I don't think that necessarily the policy thinking has caught up with the demographic reality, as you pointed out, both in a funding sense and actually in terms of focusing the policy agenda on where the issues are. I've met with some of my colleagues at the Assembly of First Nations and talked with some of my colleagues at the Métis National Council, and we agree that the urban policy issue is a key one and we are going to try to work together on that more and more. We have a very good working relationship with them. We are a service provider, as friendship centres, and we'd like to see whatever government of the day pay more attention to that. There's a lot of good work that can be done.
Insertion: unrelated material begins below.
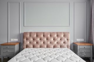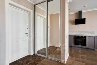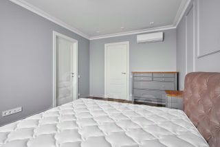 В спальне двухместная кровать. Из спальни можно попасть в большую гардеробну. И прямо из неё в мастер-санузел с ванной.
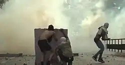 Si González n'appelle pas à manifester[107], des manifestations spontanées éclatent pour protester contre le maintien au pouvoir du président sortant. Celles-ci rassemblent des dizaines de milliers de personnes issues majoritairement de quartiers populaires[108]. Les manifestants brûlent des portraits de Maduro et déboulonnent 27 statues d'Hugo Chávez. Ceux-ci sont attaqués à coup de gaz lacrymogène par les forces de sécurité[109] et la répression fait 19 morts, dont au moins deux mineurs et un soldat de la Garde nationale bolivarienne[110],[111],[112]. Par ailleurs, plus de 700 personnes sont arrêtées par les autorités[113]. Le lendemain, María Corina Machado appelle à manifester devant les bureaux des Nations unies[114]. Maduro menace de l'arrêter elle et González[115].

We have to remember that friendship centres are run by volunteer boards, by people putting in their own time. I sat on the board of the local Odawa Friendship Centre for two years as treasurer before I took this post. It was like a second full-time job. Many volunteers are working in these friendship centres.
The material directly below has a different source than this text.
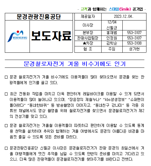 문경철로자전거 겨울 비수기에도 인기

So yes, I agree, we do need to shift our policy focus, or at least get more creative about our policy focus and how we're going to do that.

10:05 a.m.

Liberal

Larry Bagnell Liberal Yukon, YT

I have to admit that I don't have experience in centres across the country, but from what I've seen, and as you've said, you're a service provider and in fact a very cost-effective and efficient service provider. I would suggest that you provide services to some extent on the mandates of municipal, federal, provincial, and territorial governments much more efficiently than other alternatives those governments might have. In the long run, in the prevention of down-the-stream social problems, you actually save those governments money, considering the tiny amount of money that you actually get. Would you agree with that?

10:05 a.m.

Executive Director, National Association of Friendship Centres

Jeffrey Cyr

Absolutely. If I return to the long-term funding of the AFCP, it hasn't received any funding increase since 1996, and even the issue around 1996 was that it was cut back dramatically at that point. Essentially, it's received an ongoing deficit of the cost of living per year: 1.4%, 2.2%...it depends on which year it is. So what's happened at the friendship centre level is they've cut back resources continually. They've taken it out of salaries of our people working there and they've put it into the programs and services. They are very good at running these programs and services in a cost-effective manner--extremely good--and these programs are very successful by any measure.

My argument would be that it would be good business practice for government to work with friendship centres in the delivery of programs and services to reach urban aboriginal Canadians across the spectrum. I see friendship centres as a spectrum of services.

10:05 a.m.

Liberal

Larry Bagnell Liberal Yukon, YT

Is Canadian Heritage the best department for you to be in?

10:05 a.m.

Executive Director, National Association of Friendship Centres

Jeffrey Cyr

It's a tough question. The first part of my answer would be that the best department would be the one that's funding us properly. Let's put it like that. It doesn't matter where it's housed. If it was in the Department of Transport and funded properly, that would be different.

There are probably synergies with other departments that are better suited, whether that's in something like the Department of Indian Affairs or somewhere else. If there are other policy initiatives going on, then I think we're open. But the question for us is the funding of the core program itself. That's where I'd leave that response.

10:05 a.m.

Liberal

Larry Bagnell Liberal Yukon, YT

So my understanding is your number one priority is to catch up on the core funding. Are there other programs that you've successfully run that have subsequently been cut or not extended, or eliminated, or not given a cost of living improvement, that are major parts of your service delivery?